Judd Apatow’s third film, Funny People, finds the prolific producer practicing the same style of crude humor mixed with touching sentimentality that made TV’s “Freaks and Geeks” and “Undeclared” such gems and has since earned him wunderkind status with the endearing and hilarious The 40-Year-Old Virgin and Knocked Up. Though still reveling in the juvenile glee of dick jokes and pop culture obscurities, Funny People finds Apatow and friends in a far more pensive and contemplative mood.
Mimicking real life, Adam Sandler is George Simmons, a successful funny man known for such gimmicky tripe flicks as Re-Do, in which a wizard gives him a baby’s body, and Merman, in which he plays a merman. Upon receiving bad news at the doctor’s office, George is faced with his own mortality, reflecting upon his life and career only to find an unsatisfied mind. In a sort of existential quest for his comedic roots, George asks struggling young comedian Ira Wright (Rogen) to be his writer and assistant in what becomes a sort of “Adventures in Dying Celebrity-Sitting.” Eventually, George, with the renewed vim and vigor that only comes from facing Death, foolishly falls for his old flame (Mann), rivaling The Dark Knight’s Two-Face ending as the latest. subplot. ever.

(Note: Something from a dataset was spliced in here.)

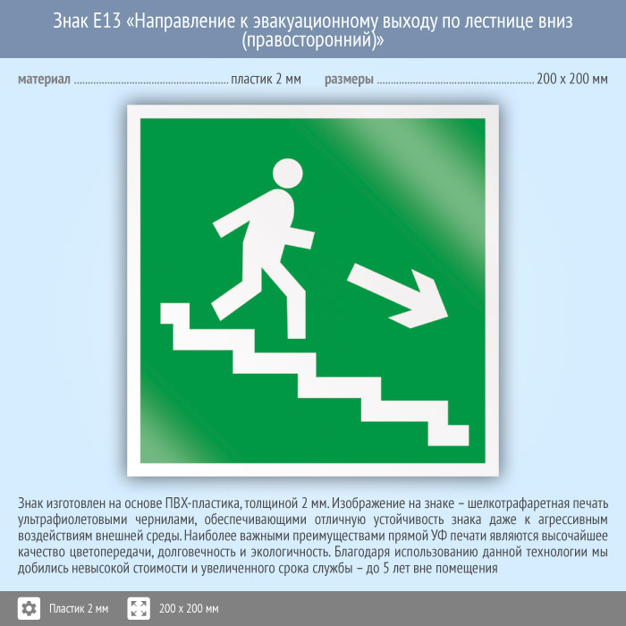 Знак E13 «Направление к эвакуационному выходу по лестнице вниз (правосторонний)» (пластик, 200х200 мм) в Магнитогорске купить
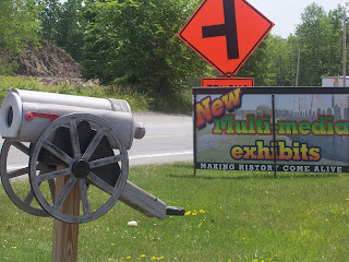 From there we moved on to the Battlefield Park visitors' center. We found very friendly and outgoing staff, as well as a bookstore stocked with all the books we had just read for our unit. They also sell a nice supply of local goods like maple syrup, honey and recipe books. We watched a movie there about the Turning Point and then we played with their hands in exhibit of soldier clothes and a tent like the soldiers would have camped in. After that, we toured the battlefield. That costs extra, but I was determined to do this right. We had brought a picnic, so we found a nice spot to sit and eat. We were met by another friendly and outgoing interpreter, a retired to teacher who happily told us all about the site. He also gave us directions to a spot on the lake in Ticonderoga where we could find a heron rookery, but I regret we didn't get there this year. He also told us that there might be birds' nests in the cannons, which might have become the most memorable fact of the day for the Boy.

One of the things Apatow is best known for is the natural quality imbued in his writing and characters. Funny People is no different. Despite dealing heavily in the “industry,” the characters and performers, from up-and-comer Ira, to seasoned schmuck George, to Ira’s douche roommate Mark (Jason Schwartzman), star of the shit-com “Yo, Teach!,” all exhibit a flawed and relatable humanity. It’s a shame then that the jokes too often suffer under the weight of a maudlin story line, and the improvisational naturalism too frequently results in throw-away “your dick is so small/huge” jokes, especially after the online videos of “Yo, Teach!” and college comedian Randy (Aziz Ansari) promised a parodical paradise.
Ultimately though, Apatow’s elegy to comedians—rife with cameos more befitting the DVD, and Oscar schmaltzy though it may seem—has its heart in the right place. And with such an emphasis on heart, for better or worse, Funny People has more chuckles than guffaws, and a deeper maturity than his previous films.